Silky Nutmeg Ganache (born December 31, 1990) is an American drag performer from Chicago, Illinois, who came to international attention in 2019 when she competed on the eleventh season of RuPaul's Drag Race finishing in third place, and later competed on the sixth season of RuPaul's Drag Race All Stars in 2021. She has also been involved in numerous Drag Race spin-offs, including RuPaul's Drag Race: Vegas Revue (2020) and RuPaul's Secret Celebrity Drag Race (2022). She also competed in the international All Stars spin-off series, Canada's Drag Race: Canada vs. the World in 2022, finishing as runner-up.

Early life and education
Ganache was born on December 30, 1990, in the South but eventually moved to Chicago as a young adult.  Steele graduated from Moss Point High School in 2008.  Steele has a master's degree in organizational leadership. According to Ganache's website she is looking to begin studies for a PhD, also stating on an episode of Hey Qween! in 2020 she would be beginning doctoral studies in 2021. Because of her Master's and PhD pursuit, she is often jokingly referred to as "The Reverend Dr. Silky Nutmeg Ganache".
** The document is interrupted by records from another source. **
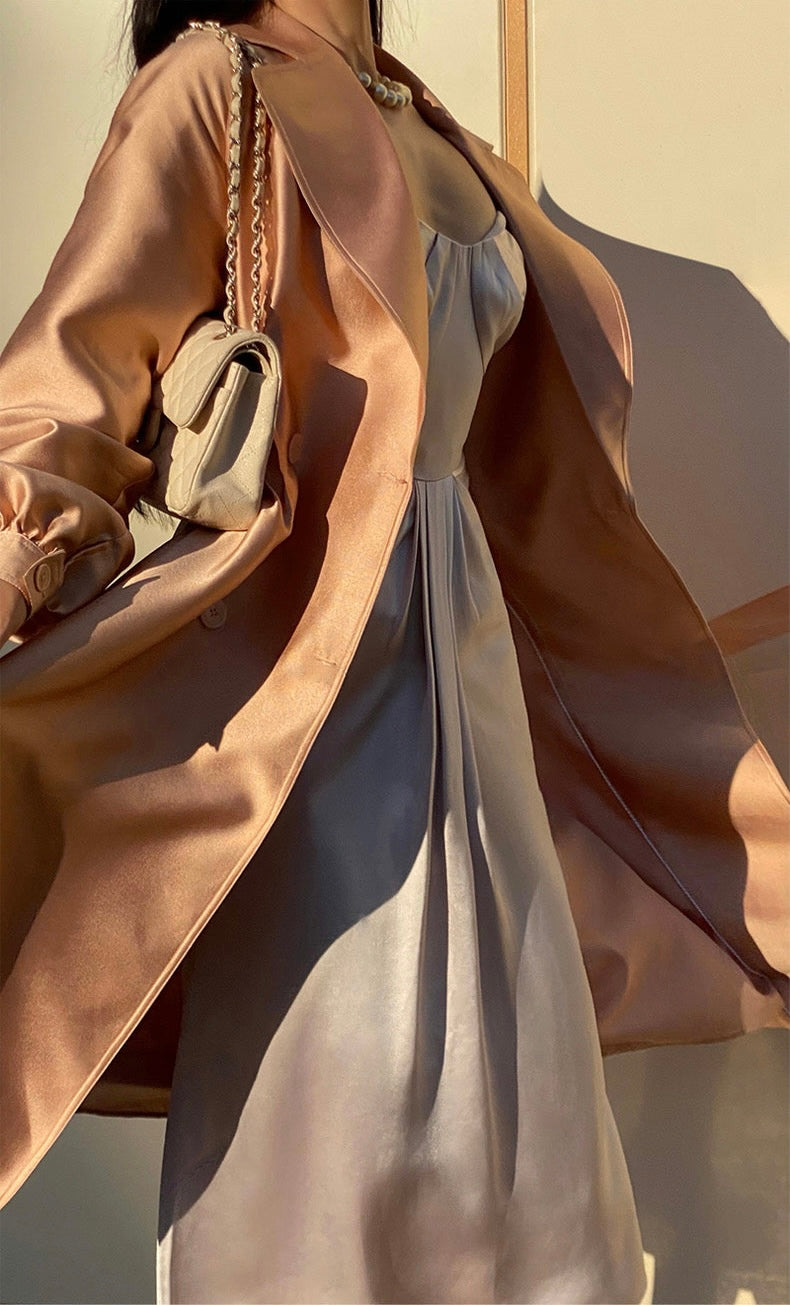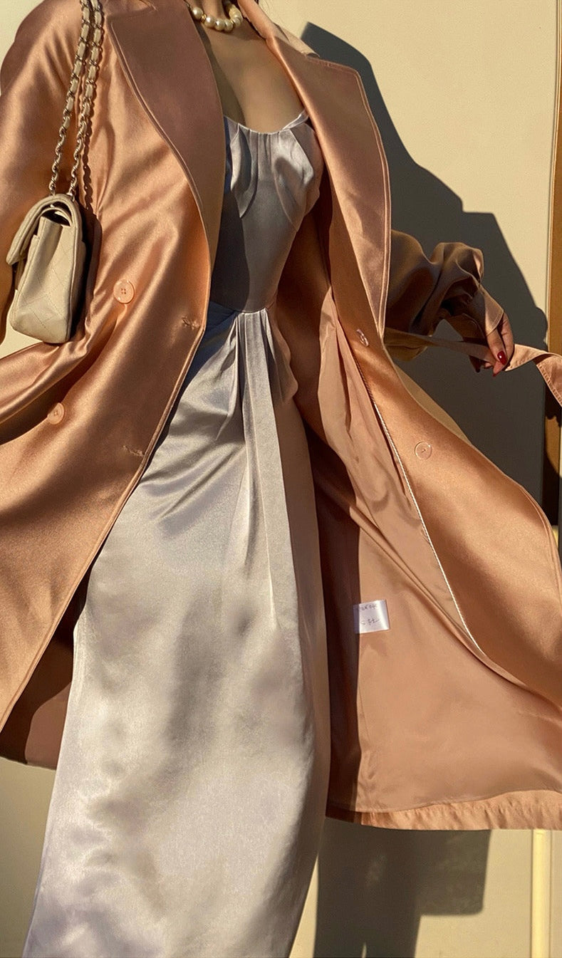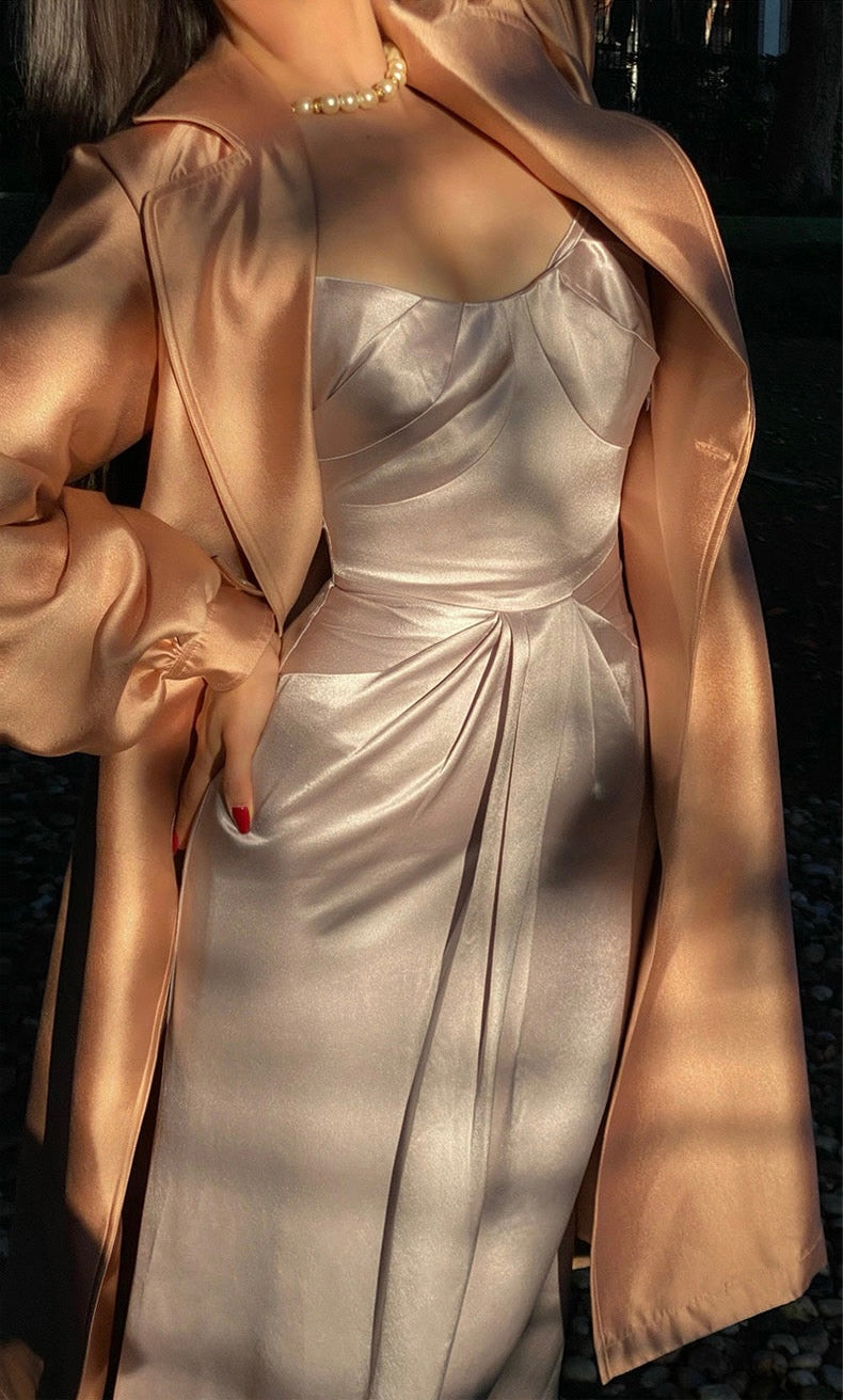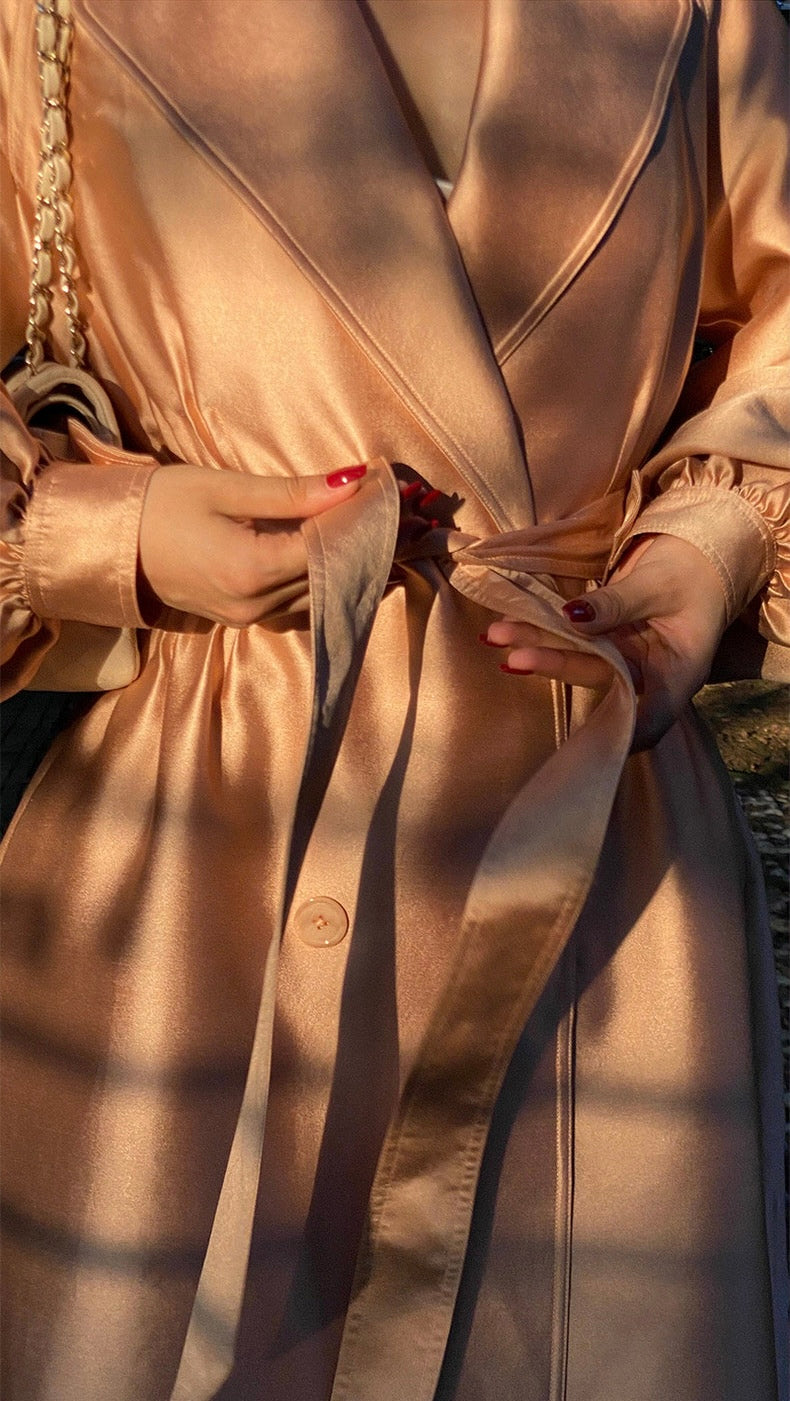 Our Champagne Rose Gold shade glows like moonlight over the sea, soft, warm, and quietly luxurious. It comes with a matching self tie belt to keep the look harmonious and refined.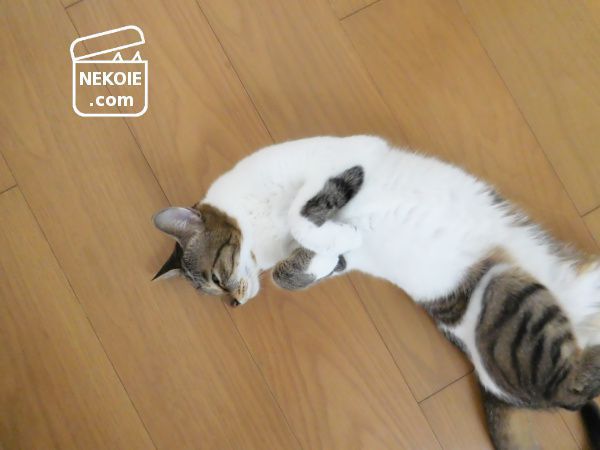 このへそ天未満の姿、最近よく見かけます。エアコンの使用を控え始めたからかもしれません。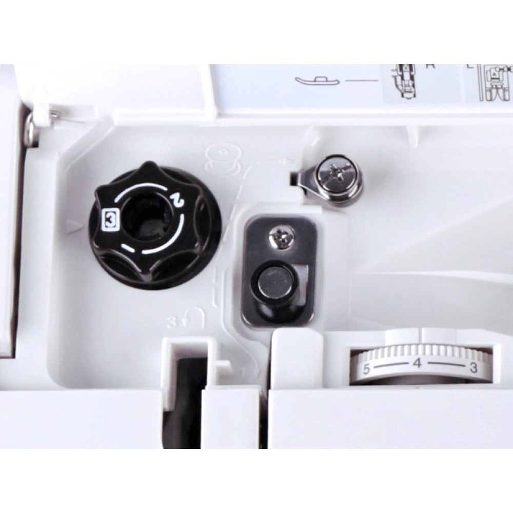 | Комплектация | Лапка универсальнаяЛапка оверлочная Лапка для сатиновых строчек Лапка для вшивания молнии Лапка для потайной строчки Лапка-подрубатель на 2мм Лапка для петли-автомат Направитель ткани для простегиванияВспарывательНабор игл (5шт.)ОтверткаЩетка для чисткиДополнительный нитедержательДержатель катушеки (2шт.)Фетровая прокладка на стерженьШпульки пластиковые (4 шт.)Ножная педальЖесткий чехол |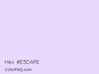 Hex #e5dafe Color is a very light indigo color and the nearest color is Lavender Mist #e6e6fa. Hex code #e5dafe and RGB value is rgb(229,218,254). In RGB color space, this color is composed of 90% red, 85% green, 100% blue, In CMYK color space, this color is composed of 10% cyan, 14% magenta, 0% yellow , 0% black , In HSL color space, this color has a hue angle of 258° , 95% saturation and 93% lightness.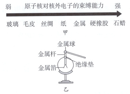 5. 图甲为部分物质的原子核对核外电子束缚能力强弱情况,束缚能力越弱越容易失去电子。现用丝绸摩擦石蜡,然后将该石蜡靠近轻质小球,发现它们相互排斥,再将石蜡触碰了验电器的金属球,发现金属箔片张开,如图乙。下列说法正确的是(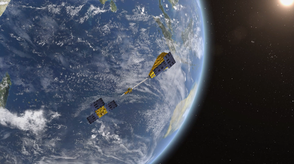 圖為“澳科一號”衛(wèi)星在軌示意圖(右為A星,左為B星)。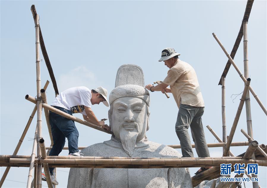 8月6日,许明笙(左)和父亲许良国在制作历史人物塑像。新华社记者翁忻旸摄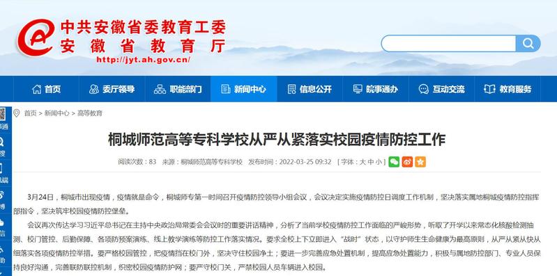 安徽教育網:《桐城師範高等專科學校從嚴從緊落實校園疫情防控工作》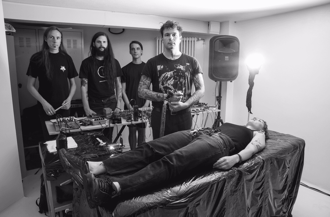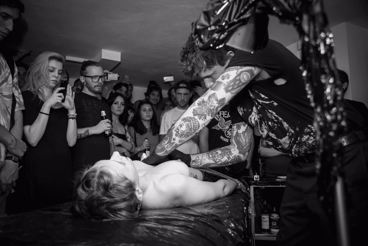 On a massage table he laid, rigid as a corpse, dressed only in chinos and trainers as a camera hovered above his eye-line, focused on his chest. A shoji screen shielded his feet as a student-flat party of scenesters in black satin, denim, leather and lace, gathered around his neck swilling wine from disposal cups, eager for the composer of this Frankenstein-esque scene to begin his work. Outside, on Dalston Lane, east London, equal numbers dressed black as a funeral procession buzzed like moths beneath the Sang Bleu sign as they sucked back cigarettes on a Monday evening in late February. Holding a tattoo machine like a scalpel Michele Servadio began to mark his canvas of flesh as a rumbling soundscape searched for a rhythm and the screens reflected his work. Like a jackhammer the gun dislodged pigment, setting off car alarms like a thief in a car park, shattering brick walls and whipping the air into gale force winds as the subject’s father edged through the crowd: “Sorry, that’s our son… I’m just wondering what they’re doing to him”, he offered, apologetically, as his boy became an instrument of industrial sound.Reaching a Mad Max climax the images on the screen reverberated as Servadio dug deeper, as if sawing-open the sternum with an angle grinder, fracking for his subject’s soul, as sonar sounds echoed and the procedure ricocheted across a dozen iPhone screens. Black rubber gloves smear black ink across the subject’s chest like a finger painting as the music climbs the high canopies of consciousness into metaphysical recesses and dreamscapes. The boy’s chin is high, his throat soft as tissues, as Servadio stands above him examining his work – an abstract scribble. Silence gives way to howling applause as his subject stands, slight as spaghetti, and poses for pretty girls with fancy cameras and a pink-haired lad with a gold retro cell phone charm earring who secures his skateboard like a baguette under his arm as he steals a few digital keepsakes of the evening. The subject’s dad gives a thumbs-up as the skater retreats into the crowd and tries to impress a girl with talk of having his dick inked. Reaching a Mad Max climax the images on the screen reverberated as Servadio dug deeper, as if sawing-open the sternum with an angle grinder, fracking for his subject’s soul, as sonar sounds echoed and the procedure ricocheted across a dozen iPhone screens.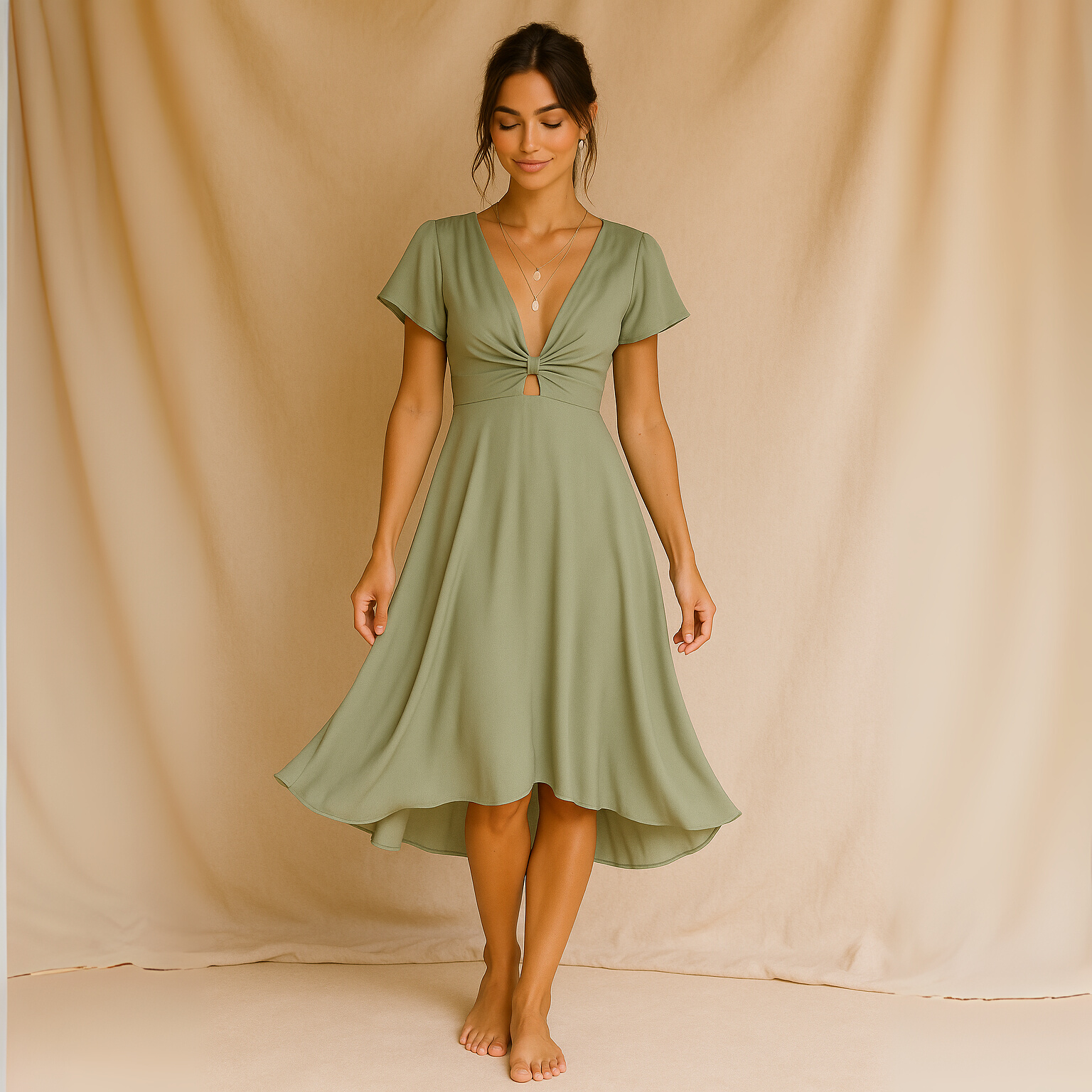 De Liora-jurk is een zomerfavoriet. Hij is licht, vrolijk en veelzijdig – ideaal voor een dagje op het terras of een ontspannen wandeling langs het strand.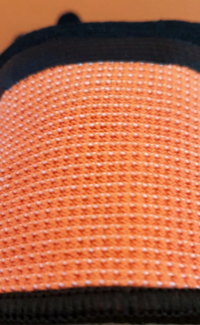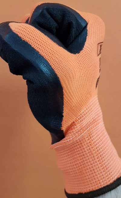 Profesjonalne rękawice wykonane z dzianiny poliestrowej w kolorze pomarańczowym, powleczone spienionym lateksem.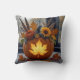 Een prachtig gesneden pompoen toont een gloeiend esdoornblad, omringd door bloemen, fazantenveren en herfstbladeren, terwijl de bladeren op de achtergrond zachtjes van de herfst afdruipen

She went to Wabash College, an all-male college, where she thought of her original drag name, "Lasagna Frozeen".  Her mentor later dubbed her "Silky" because she could be rough around the edges but also classy.  Ganache went home where she watched the Food Network.  While watching a program, Ganache overheard the phrase "silky ganache."  From there, she would hence be known as "Silky Nutmeg Ganache".  She earned her MBA in organizational leadership from Indiana Wesleyan University in December 2017. Her drag mother is Vanessa Ryan, who mentored Ganache in drag during her college years in Indiana. Silky considers her official drag beginning “anniversary” to be March 18, 2012.

Career

Ganache has participated in many pageants, and has over 100 competition credits. Her pageant history includes Miss Gay Indiana University 2014 (winner), Indiana All American Goddess at Large 2014 (first alternate), Miss Unlimited Newcomer 2015 (winner), Miss Latina Continental Plus 2017 (winner), Miss Continental Plus 2017 (second alternate), and Miss Illinois Continental Plus 2018 (first alternate).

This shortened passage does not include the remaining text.